What are biological molecules?
Biological molecules present in our food provide us with energy. These molecules have chemicals that play a vital role in our growth. These biological molecules are composed of long chains that are broken down into simpler ones during digestion. Without these molecules, our body cannot repair itself and our cells cannot function. The three types of biological molecules present in our diet which act as a source of energy are:
- Carbohydrates: Contain carbon, oxygen, and hydrogen atoms
- Lipids: They are composed of carbon, hydrogen, and oxygen atoms
- Proteins: They are made up of carbon, oxygen, hydrogen, and nitrogen atoms
In the next sections of the article, we will discuss what kind of tests can be performed in the laboratories to determine the presence of three kinds of biological molecules.
Tests for Biological Molecules
A number of tests can be conducted in a lab to determine the presence of biological molecules (carbohydrates, lipids, or proteins) in the food sample. These tests are qualitative rather than quantitative. It means that these tests do not provide the quantitative value, i.e. the amount of biological molecule present in the sample.

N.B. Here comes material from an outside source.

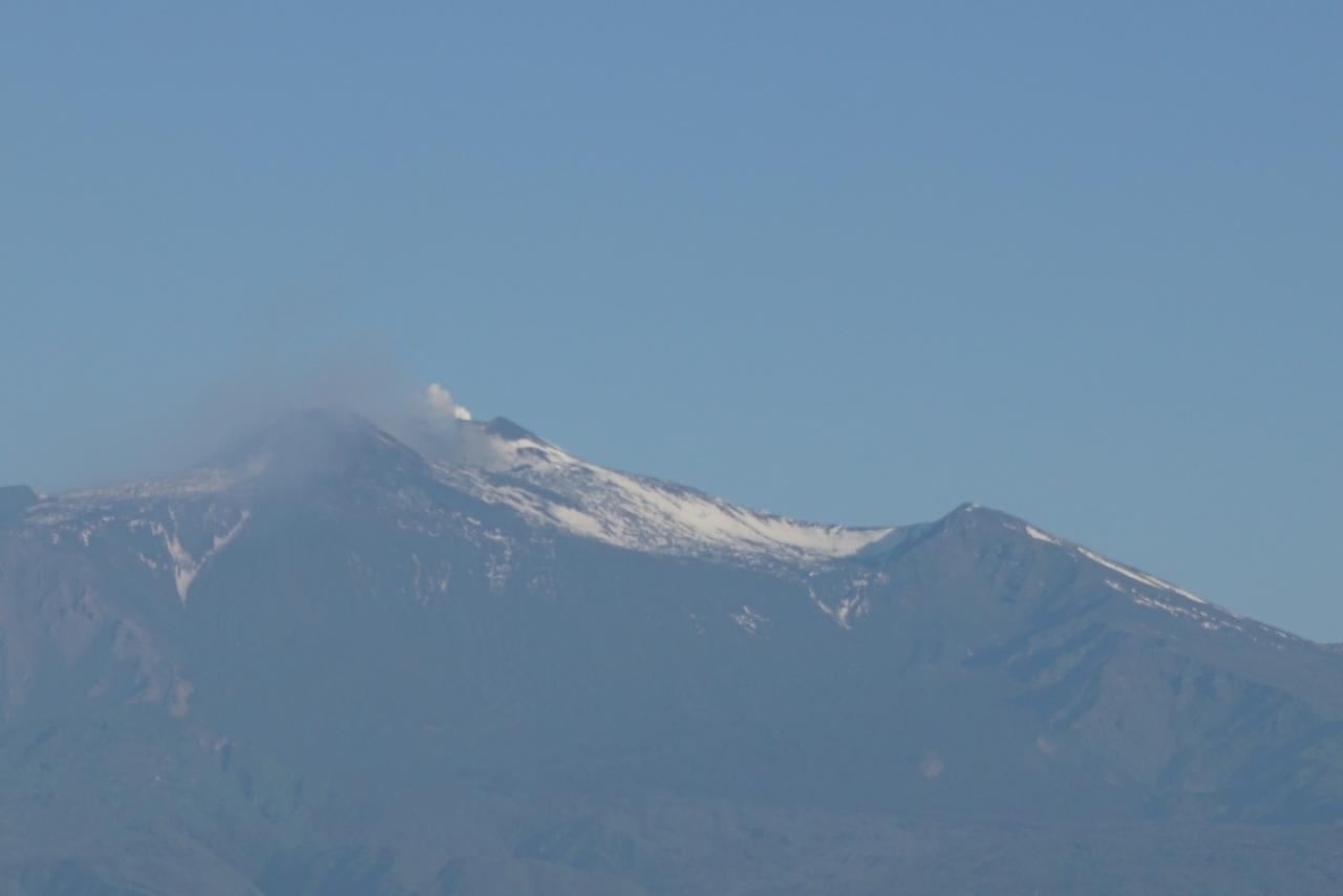 エトナ火山から延びる一筋の白い線は雲ではなく噴煙です。

Iodine Solution to Test for Starch
Introduction
Iodine test also referred to as a starch-iodine test, is a chemical test that is used to differentiate monosaccharides or disaccharides from certain polysaccharides such as dextrin, amylase, and glycogen. Hence, we can say that the primary objective of the iodine test is to:
- Detect the presence of polysaccharides, usually starch present in the food sample
Procedure
Follow the steps below to determine the presence of starch in a food sample:
- Add a few drops of orange or brown iodine in potassium iodide solution to the sample to determine if starch is present in the sample. (Note that we use potassium iodide solution for iodine because iodine is insoluble in water)
- If there is starch in the food sample, then the iodide ions in the solution react with the centre of starch molecules to produce a new complex that has a unique blue-black colour
- This test is quite helpful in experiments to show the presence of starch in the sample that has been digested by the enzymes
Benedict’s Test to Test for Reducing Sugars
Introduction
Benedict test refers to a biochemical test that is performed to differentiate reducing sugars such as monosaccharides and a few disaccharides from non-reducing sugars. There the two main objectives of this test:
- To identify the presence of simple carbohydrates in a solution
- To differentiate between reducing and non-reducing sugars
Procedure
Follow the steps below to conduct this test:
- Add Benedict's reagent which is also known as Benedict's qualitative solution or Benedict's solution to a sample solution in the test tube (Note that Benedict's reagent is a blue-coloured solution because it has copper (II) sulfate ions)
- Bring the water bath or beaker of the water to boil for some minutes and heat the test tube in it
- In the presence of reducing sugar, one can see a coloured precipitate because of the fact that copper (II) sulfate is reduced to copper (I) oxide that is water insoluble
- In case of the positive result, there is a colour change along the colour scale from blue (no reducing sugar) to brown or brick-red (a higher concentration of the reducing sugar)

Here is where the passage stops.